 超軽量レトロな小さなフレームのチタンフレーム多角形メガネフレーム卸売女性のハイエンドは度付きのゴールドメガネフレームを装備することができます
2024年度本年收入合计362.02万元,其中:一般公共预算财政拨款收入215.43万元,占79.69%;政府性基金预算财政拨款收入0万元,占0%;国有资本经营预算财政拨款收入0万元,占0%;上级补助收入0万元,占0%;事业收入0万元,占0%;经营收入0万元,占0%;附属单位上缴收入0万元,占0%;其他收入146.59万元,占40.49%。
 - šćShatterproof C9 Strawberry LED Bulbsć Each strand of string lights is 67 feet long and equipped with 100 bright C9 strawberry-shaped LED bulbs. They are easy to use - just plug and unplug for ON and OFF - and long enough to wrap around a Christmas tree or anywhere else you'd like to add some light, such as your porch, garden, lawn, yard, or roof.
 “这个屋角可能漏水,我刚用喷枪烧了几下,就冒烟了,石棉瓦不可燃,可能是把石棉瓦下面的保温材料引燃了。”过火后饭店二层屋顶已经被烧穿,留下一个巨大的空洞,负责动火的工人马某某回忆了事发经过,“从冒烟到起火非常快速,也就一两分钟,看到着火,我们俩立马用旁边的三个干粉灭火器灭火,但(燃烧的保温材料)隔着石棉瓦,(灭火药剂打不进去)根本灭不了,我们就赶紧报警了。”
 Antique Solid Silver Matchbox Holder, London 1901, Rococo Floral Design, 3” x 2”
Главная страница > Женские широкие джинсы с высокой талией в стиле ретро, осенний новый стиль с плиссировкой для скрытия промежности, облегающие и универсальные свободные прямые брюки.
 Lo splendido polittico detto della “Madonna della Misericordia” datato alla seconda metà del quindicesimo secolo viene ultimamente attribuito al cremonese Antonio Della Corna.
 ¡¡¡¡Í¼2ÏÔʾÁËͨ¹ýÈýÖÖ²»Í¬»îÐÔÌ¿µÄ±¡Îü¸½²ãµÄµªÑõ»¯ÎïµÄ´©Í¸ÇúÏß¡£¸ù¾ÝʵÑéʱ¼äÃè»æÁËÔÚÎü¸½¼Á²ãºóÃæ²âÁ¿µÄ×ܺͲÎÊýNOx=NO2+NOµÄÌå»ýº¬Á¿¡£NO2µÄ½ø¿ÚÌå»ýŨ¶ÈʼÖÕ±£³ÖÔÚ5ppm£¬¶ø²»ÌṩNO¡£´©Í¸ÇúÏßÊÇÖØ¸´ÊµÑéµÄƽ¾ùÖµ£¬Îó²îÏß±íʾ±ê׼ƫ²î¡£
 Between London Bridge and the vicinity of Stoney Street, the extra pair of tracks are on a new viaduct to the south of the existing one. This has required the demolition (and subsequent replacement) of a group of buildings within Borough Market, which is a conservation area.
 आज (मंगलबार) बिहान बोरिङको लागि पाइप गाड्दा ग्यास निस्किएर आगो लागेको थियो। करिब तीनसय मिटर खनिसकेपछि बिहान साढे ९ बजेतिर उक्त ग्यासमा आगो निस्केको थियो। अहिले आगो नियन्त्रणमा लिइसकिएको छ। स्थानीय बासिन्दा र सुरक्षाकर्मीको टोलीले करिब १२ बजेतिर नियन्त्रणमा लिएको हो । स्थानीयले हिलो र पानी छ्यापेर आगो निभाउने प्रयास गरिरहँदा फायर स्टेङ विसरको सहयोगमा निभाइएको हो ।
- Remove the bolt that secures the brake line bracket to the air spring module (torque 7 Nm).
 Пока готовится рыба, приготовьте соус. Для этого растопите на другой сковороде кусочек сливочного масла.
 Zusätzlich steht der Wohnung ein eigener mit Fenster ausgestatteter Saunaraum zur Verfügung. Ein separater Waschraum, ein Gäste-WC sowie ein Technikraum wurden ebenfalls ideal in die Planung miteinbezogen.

________________________________________

Give the records above again in full, keeping every character unchanged.

» ANSWER SPACE:
 超軽量レトロな小さなフレームのチタンフレーム多角形メガネフレーム卸売女性のハイエンドは度付きのゴールドメガネフレームを装備することができます
2024年度本年收入合计362.02万元,其中:一般公共预算财政拨款收入215.43万元,占79.69%;政府性基金预算财政拨款收入0万元,占0%;国有资本经营预算财政拨款收入0万元,占0%;上级补助收入0万元,占0%;事业收入0万元,占0%;经营收入0万元,占0%;附属单位上缴收入0万元,占0%;其他收入146.59万元,占40.49%。
 - šćShatterproof C9 Strawberry LED Bulbsć Each strand of string lights is 67 feet long and equipped with 100 bright C9 strawberry-shaped LED bulbs. They are easy to use - just plug and unplug for ON and OFF - and long enough to wrap around a Christmas tree or anywhere else you'd like to add some light, such as your porch, garden, lawn, yard, or roof.
 “这个屋角可能漏水,我刚用喷枪烧了几下,就冒烟了,石棉瓦不可燃,可能是把石棉瓦下面的保温材料引燃了。”过火后饭店二层屋顶已经被烧穿,留下一个巨大的空洞,负责动火的工人马某某回忆了事发经过,“从冒烟到起火非常快速,也就一两分钟,看到着火,我们俩立马用旁边的三个干粉灭火器灭火,但(燃烧的保温材料)隔着石棉瓦,(灭火药剂打不进去)根本灭不了,我们就赶紧报警了。”
 Antique Solid Silver Matchbox Holder, London 1901, Rococo Floral Design, 3” x 2”
Главная страница > Женские широкие джинсы с высокой талией в стиле ретро, осенний новый стиль с плиссировкой для скрытия промежности, облегающие и универсальные свободные прямые брюки.
 Lo splendido polittico detto della “Madonna della Misericordia” datato alla seconda metà del quindicesimo secolo viene ultimamente attribuito al cremonese Antonio Della Corna.
 ¡¡¡¡Í¼2ÏÔʾÁËͨ¹ýÈýÖÖ²»Í¬»îÐÔÌ¿µÄ±¡Îü¸½²ãµÄµªÑõ»¯ÎïµÄ´©Í¸ÇúÏß¡£¸ù¾ÝʵÑéʱ¼äÃè»æÁËÔÚÎü¸½¼Á²ãºóÃæ²âÁ¿µÄ×ܺͲÎÊýNOx=NO2+NOµÄÌå»ýº¬Á¿¡£NO2µÄ½ø¿ÚÌå»ýŨ¶ÈʼÖÕ±£³ÖÔÚ5ppm£¬¶ø²»ÌṩNO¡£´©Í¸ÇúÏßÊÇÖØ¸´ÊµÑéµÄƽ¾ùÖµ£¬Îó²îÏß±íʾ±ê׼ƫ²î¡£
 Between London Bridge and the vicinity of Stoney Street, the extra pair of tracks are on a new viaduct to the south of the existing one. This has required the demolition (and subsequent replacement) of a group of buildings within Borough Market, which is a conservation area.
 आज (मंगलबार) बिहान बोरिङको लागि पाइप गाड्दा ग्यास निस्किएर आगो लागेको थियो। करिब तीनसय मिटर खनिसकेपछि बिहान साढे ९ बजेतिर उक्त ग्यासमा आगो निस्केको थियो। अहिले आगो नियन्त्रणमा लिइसकिएको छ। स्थानीय बासिन्दा र सुरक्षाकर्मीको टोलीले करिब १२ बजेतिर नियन्त्रणमा लिएको हो । स्थानीयले हिलो र पानी छ्यापेर आगो निभाउने प्रयास गरिरहँदा फायर स्टेङ विसरको सहयोगमा निभाइएको हो ।
- Remove the bolt that secures the brake line bracket to the air spring module (torque 7 Nm).
 Пока готовится рыба, приготовьте соус. Для этого растопите на другой сковороде кусочек сливочного масла.
 Zusätzlich steht der Wohnung ein eigener mit Fenster ausgestatteter Saunaraum zur Verfügung. Ein separater Waschraum, ein Gäste-WC sowie ein Technikraum wurden ebenfalls ideal in die Planung miteinbezogen.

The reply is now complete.